On past flights, Casteen had always been able to force the belt to latch, but not this time. Her weight and health were getting worse quickly. She was now in congestive heart failure, always in pain, and always short of breath. “Pretty soon, I won’t be able to travel at all,” she thought, shifting her five-foot-three-inch, 264-pound body in the tiny seat. Suddenly it hit her: She hadn’t had enough time with her husband, her kids, or her grandbabies.
Fear rose in Casteen’s chest, her breath becoming jagged. “I want to live,” she panicked. Was it too late? Maybe not. She was still alive, after all. There was still hope. “I’ll figure out a way to get control of my weight,” she vowed. As the plane jolted and took off, Casteen was already making plans.
Slimming Swaps for Weight Loss Over 50
Casteen knew her fondness for sugary drinks and fried food drove her weight up. Yet they had been her stress relief as she raised three daughters, went back to nursing school, got a job, and dealt with life’s setbacks. Occasionally, she managed to eat better. She joined her local Take Off Pounds Sensibly (TOPS) group a few times, and even lost 100 pounds in 1999. Then she experienced a traumatic car accident and returned to bad habits.

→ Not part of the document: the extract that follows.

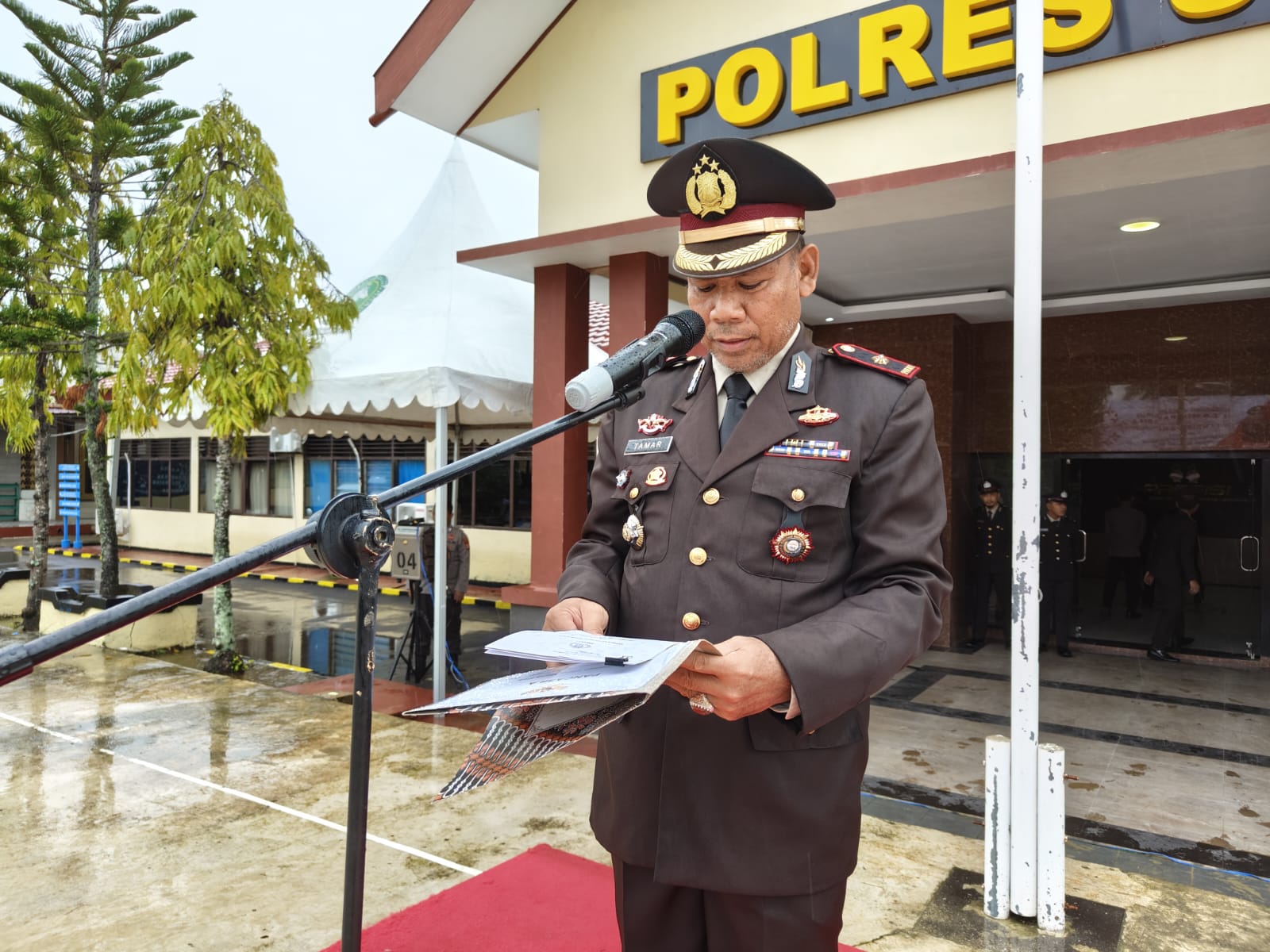 “Kepada seluruh peserta upacara untuk menanamkan nilai-nilai Pancasila dalam kehidupan sehari-hari, baik dalam pelaksanaan tugas sebagai anggota Polri maupun dalam kehidupan bermasyarakat. Ia menekankan bahwa Pancasila merupakan dasar Negara dan ideologi yang harus terus dijaga serta diimplementasikan demi keutuhan NKRI.

Yet she remembered how good the common sense advice and support at TOPS had felt to her. She craved it again, but this time, she was pushing age 60. Would her body still respond to simple strategies, or had aging and years of bad choices permanently destroyed her metabolism? “There’s one way to find out,” she thought.
She soon found herself at a TOPS meeting with 22 others who were hoping to reach a healthy weight. They chatted about challenges, strategies, and victories. Casteen took it all in, and that night she drove home inspired. Her first goal was a no-brainer: She would trade the Coke she chugged daily for water.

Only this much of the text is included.